**Directions for this task:**
Your reply should contain nothing except the lines from the one with "Driven by a" through the end of the listing below, reproduced exactly and stripped of pictures.

**Available data:**

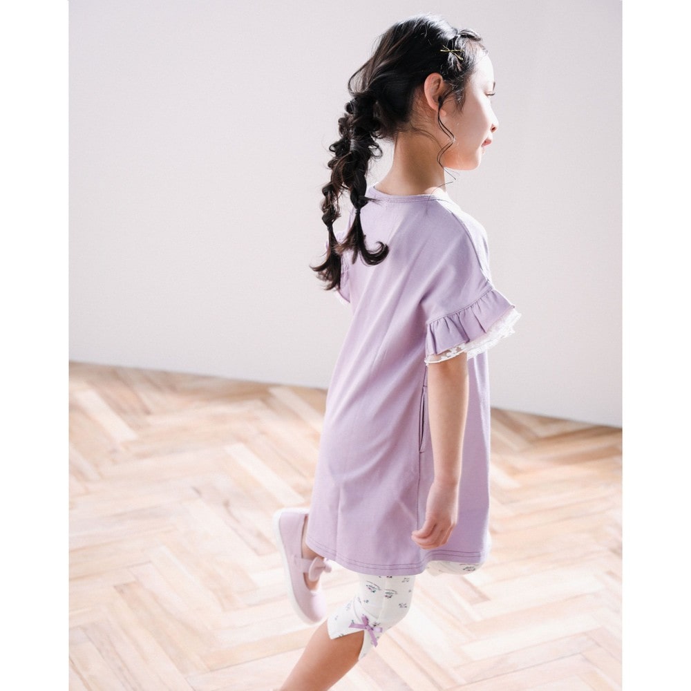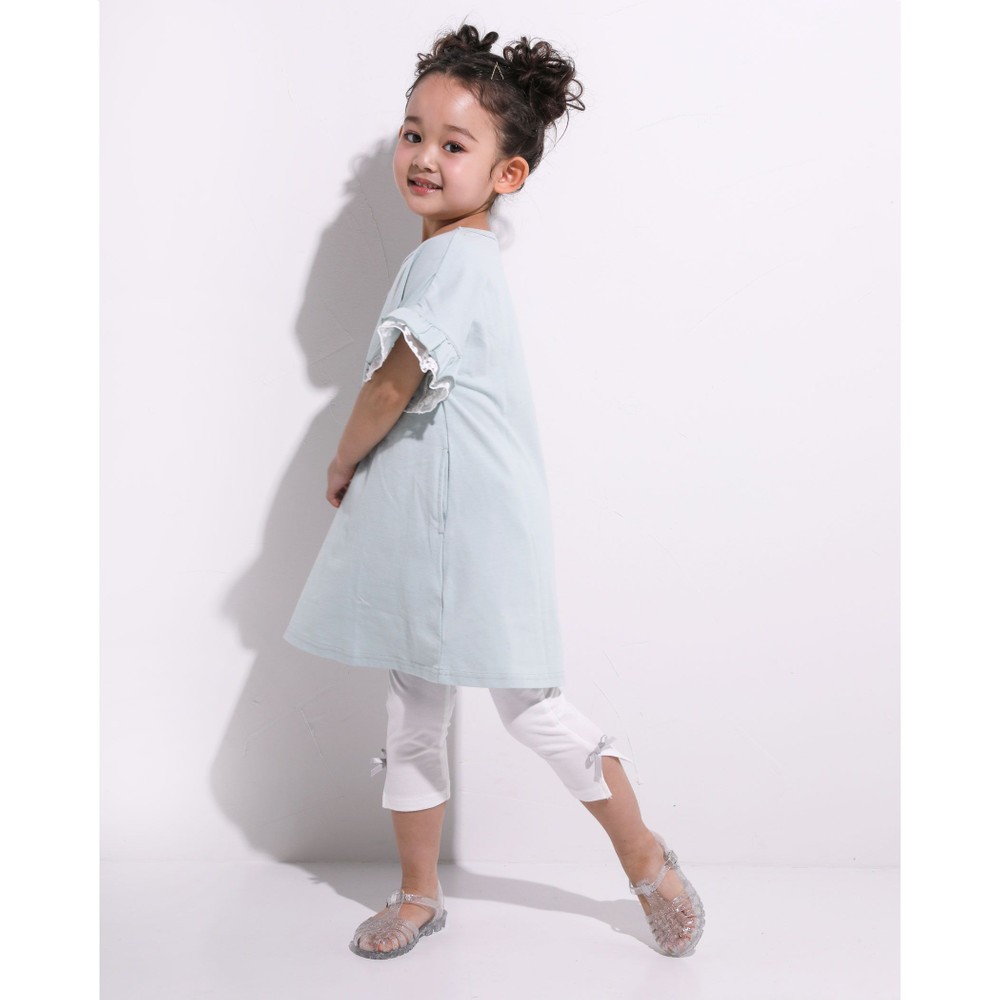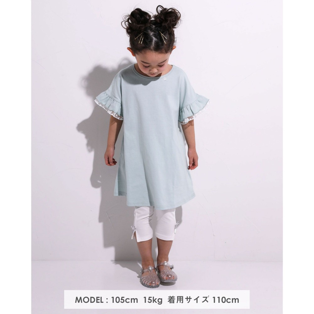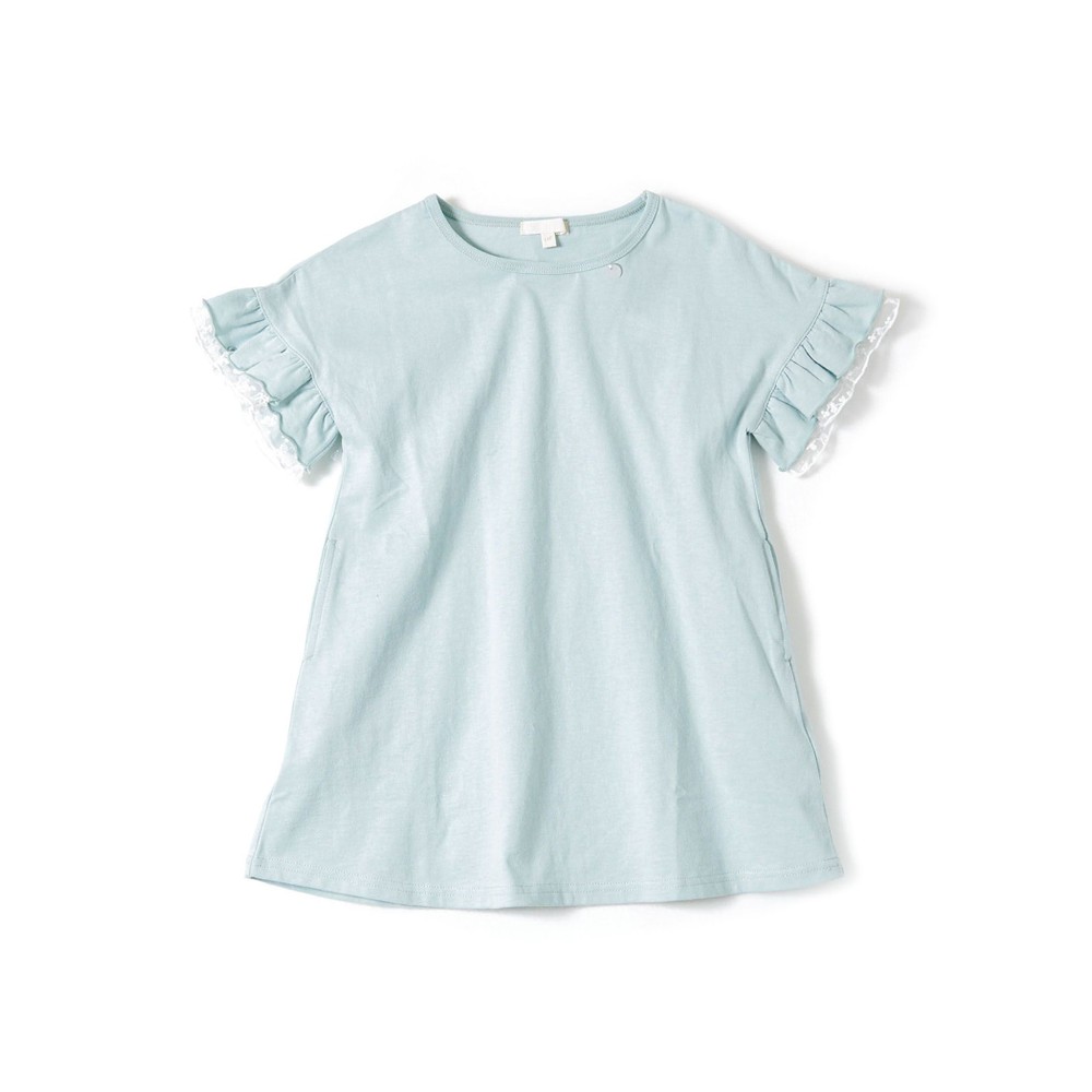 袖がフリルレースデザインの、天竺ワンピース。
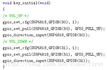 首先还是用gpio_set_cfg 函数,将VOL+ 和VOL-端口设为GPIO 模式,gpio_set_pull 将其上拉,gpio_direction_input 将端口方向设定为输入。
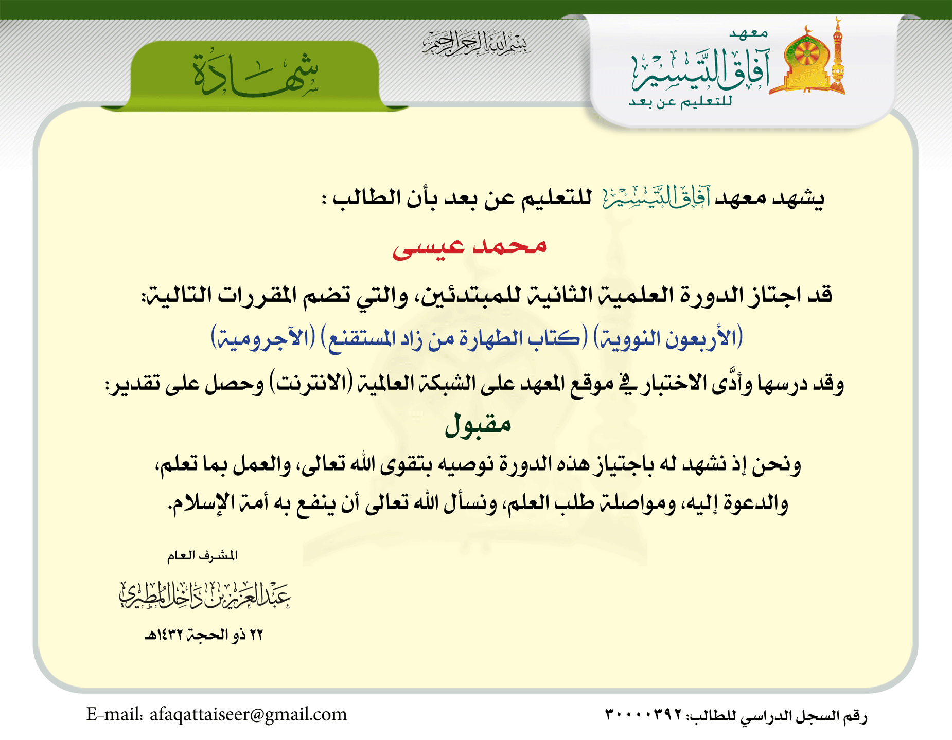 رقم السجل الدراسي: 30000392
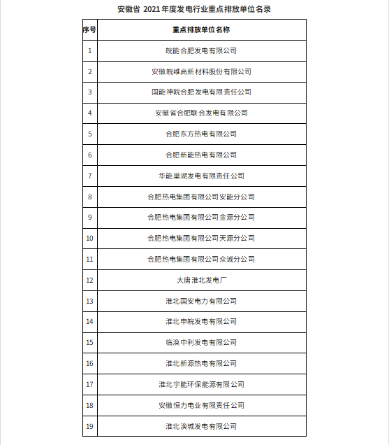 安徽省2021年度發(fā)電行業(yè)重點排放單位名錄公示
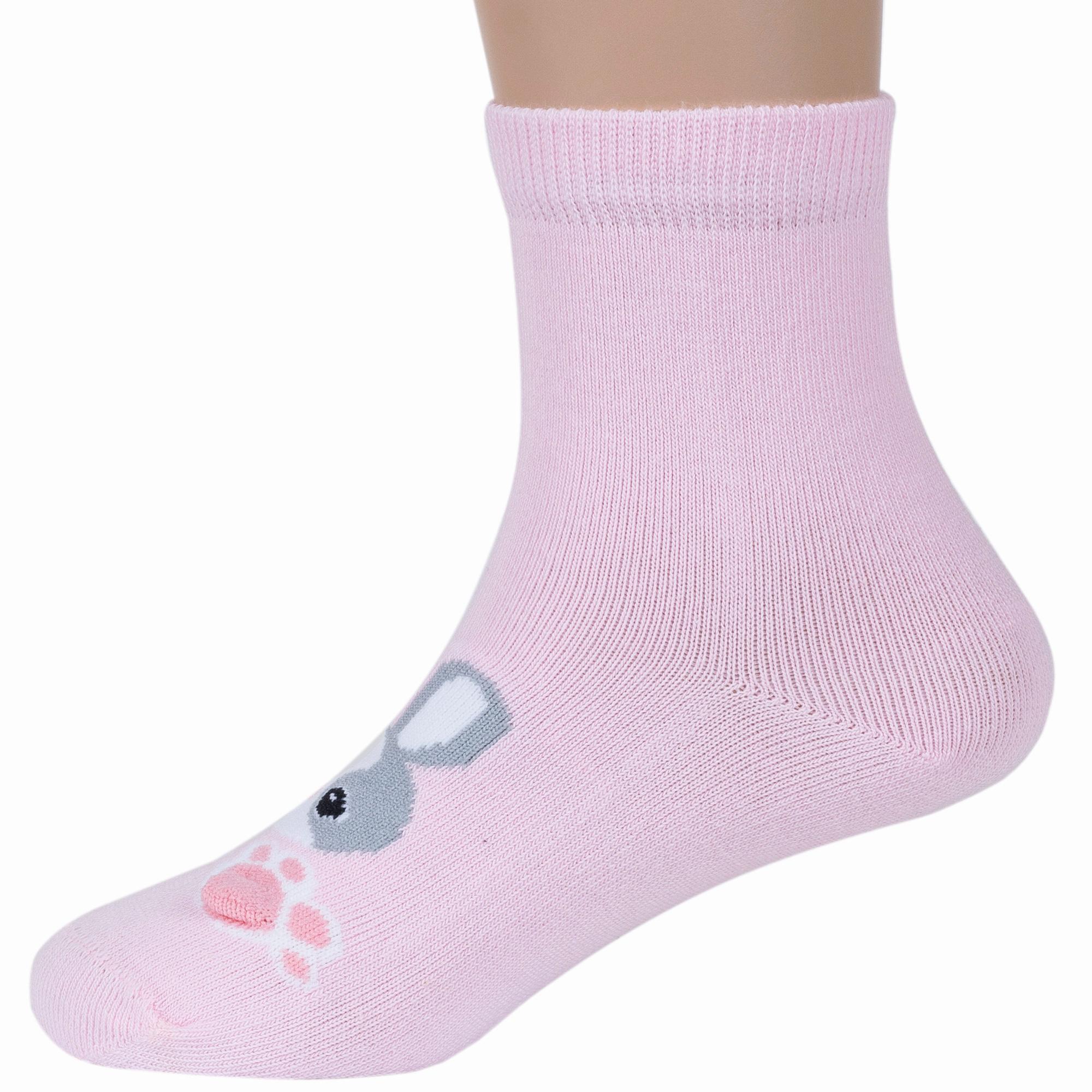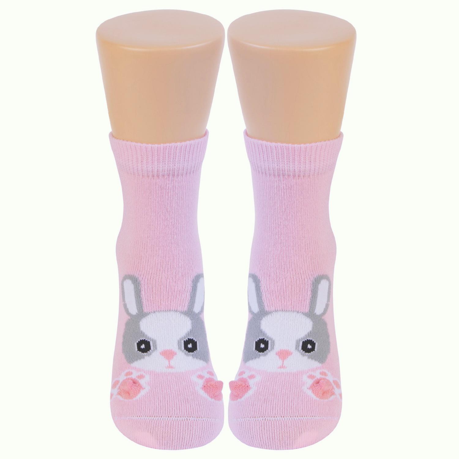 Укороченная модель розового цвета с принтом в виде зайчика и с двойным бортом (манжетом резинки). Изготовлены в г. Иваново из хлопка с добавлением полиамида и эластана для износостойкости изделия и комфортной посадки. В состав также входит полипропилен, благодаря ему носки хорошо отводят влагу с поверхности кожи и быстро сохнут.
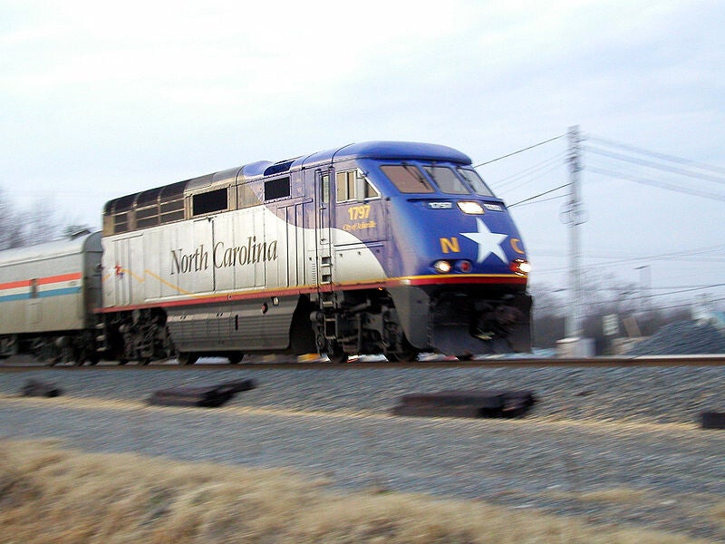 Amtrak's Piedmont near Charlotte, North Carolina, with a state-owned locomotive. This route is run under a partnership with the North Carolina Department of Transportation, 2003. Click to enlarge. (Mec011, Public domain, via Wikimedia Commons)
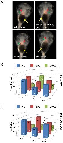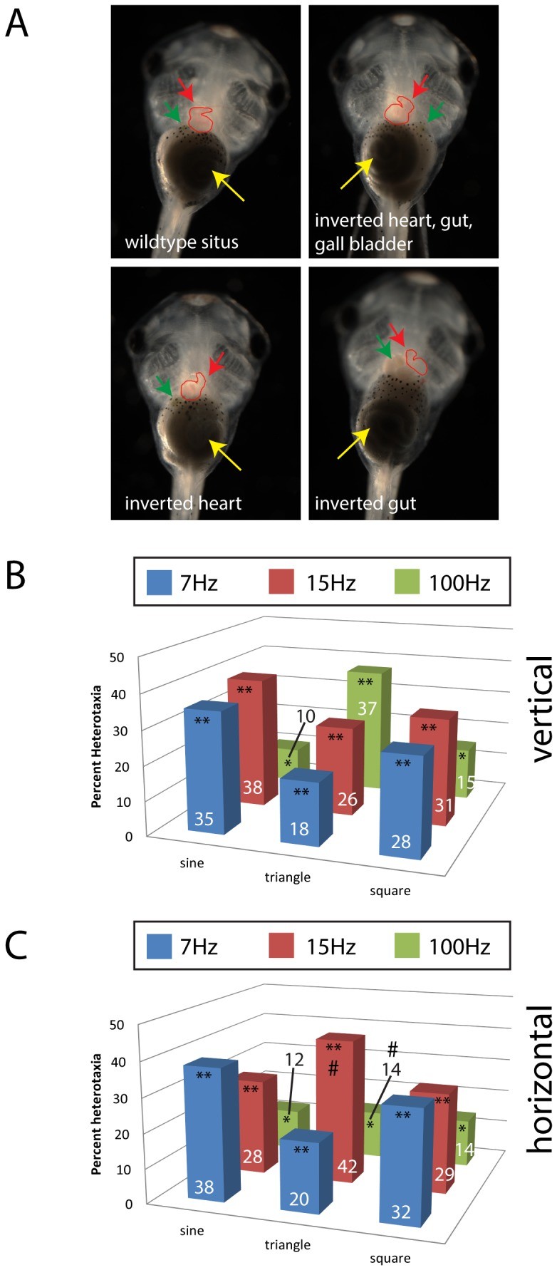 Figure 1. Vibration induces heterotaxia in Xenopus embryos, independent of waveform or direction.A) Shown are embryos with different organ situs (position), including three with various forms of heterotaxia, i.e. the inversion in placement of one or more organs. Red arrows indicate the apex of the heart; green arrows indicate the gall bladder; yellow arrows indicate the coiling of the gut. These animals were exposed to one of three vibrations that were previously shown to affect left-right patterning. Here, the waveforms were varied between sine, square and triangle waves. B) Vibrations applied vertically induce heterotaxia, regardless of which frequency and waveform combination was applied. C) Vibrations applied horizontally also induce heterotaxia. Heterotaxia rates in un-vibrated controls were approximately 1%. Numbers on bars indicate frequencies of phenotypes for that treatment. At least 110 embryos were included for each treatment. *p<0.01; **p<<0.001 relative to controls; on panel C, # indicates significant differences from vertical treatment (p<0.01).
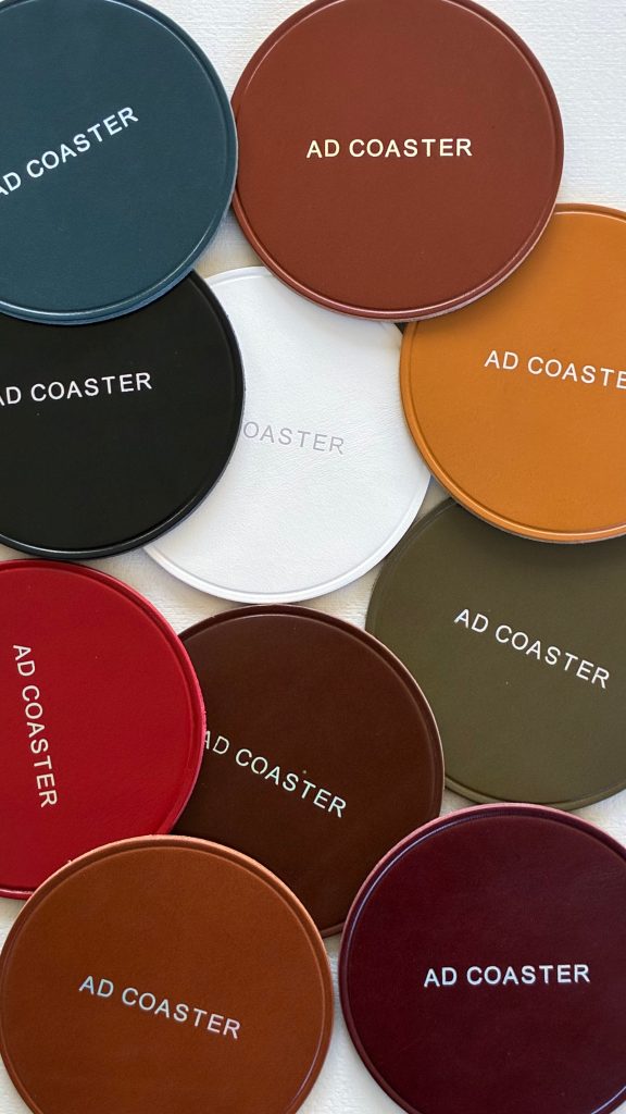 Driven by a passion for excellence and the timeless codes of the luxury industry, the idea of creating leather coasters was born from a hospitality standard that states: “All drinks are served on distinctive coasters.” From this principle, we have reimagined the coaster, made in France, as an object of elegance, personalization, and durability — designed for every occasion.
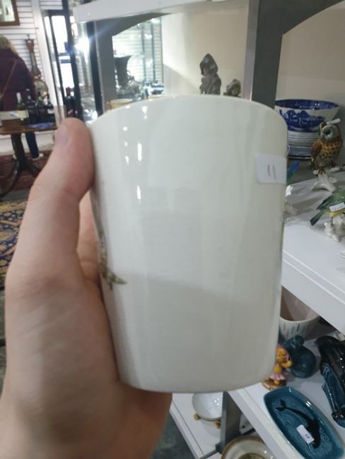 Some of the coloring on the bowl is fading, and there are some chips to the base. The cows have both lost a horn. Some of the other ceramics have some ceramic grazing. Lots of the ceramics have some discoloration. One has a large chip on the rim. See attached images
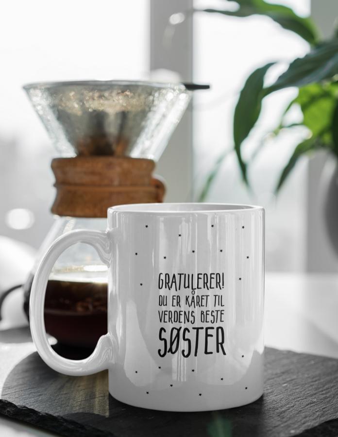 Koselig krus med teksten "Gratulerer! Du er kåret til verdens beste SØSTER".
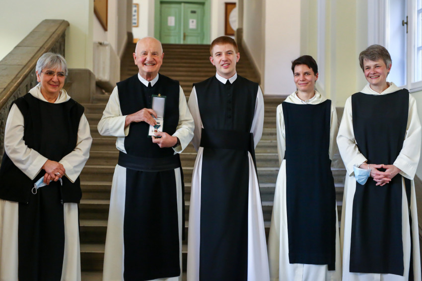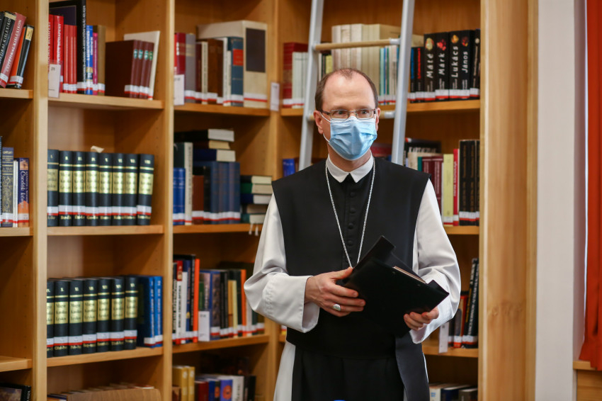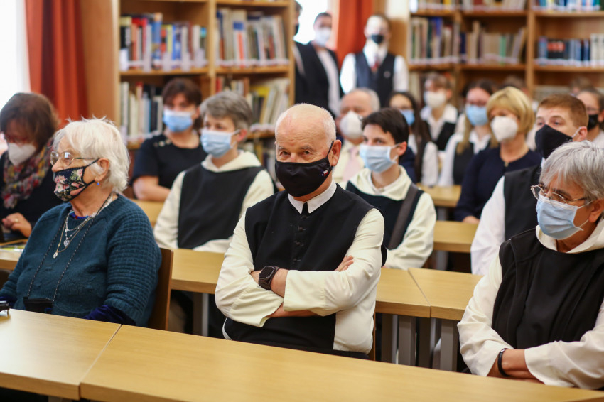 Ünneplőkkel telt meg a Budai Ciszterci Szent Imre Gimnázium újonnan kialakított könyvtárának olvasóterme. Sokan gyűltek össze, hogy a 2016 óta a magyar ciszterci közösséget erősítő Marton Bernát atyát köszöntsék: családtagjai, Bérczi Bernát ciszterci apát, a kismarosi ciszterci nővérek Horváth Olga apátnő vezetésével, a ciszterci gimnázium tanárai és diákjai.
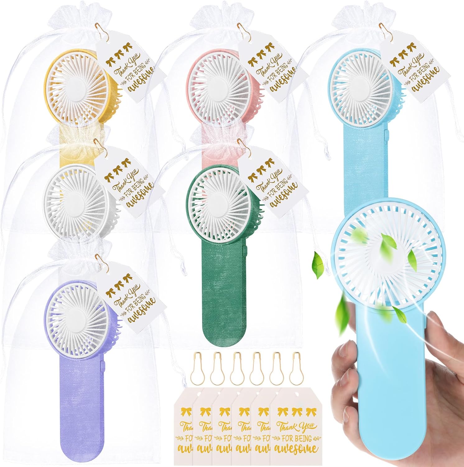 | Included Components | 12 x Mini Handheld Fans, 12 x Organza gift bags, 12 x Thank you gift cards |

**Expected answer:**
 Driven by a passion for excellence and the timeless codes of the luxury industry, the idea of creating leather coasters was born from a hospitality standard that states: “All drinks are served on distinctive coasters.” From this principle, we have reimagined the coaster, made in France, as an object of elegance, personalization, and durability — designed for every occasion.
 Some of the coloring on the bowl is fading, and there are some chips to the base. The cows have both lost a horn. Some of the other ceramics have some ceramic grazing. Lots of the ceramics have some discoloration. One has a large chip on the rim. See attached images
 Koselig krus med teksten "Gratulerer! Du er kåret til verdens beste SØSTER".
 Ünneplőkkel telt meg a Budai Ciszterci Szent Imre Gimnázium újonnan kialakított könyvtárának olvasóterme. Sokan gyűltek össze, hogy a 2016 óta a magyar ciszterci közösséget erősítő Marton Bernát atyát köszöntsék: családtagjai, Bérczi Bernát ciszterci apát, a kismarosi ciszterci nővérek Horváth Olga apátnő vezetésével, a ciszterci gimnázium tanárai és diákjai.
 | Included Components | 12 x Mini Handheld Fans, 12 x Organza gift bags, 12 x Thank you gift cards |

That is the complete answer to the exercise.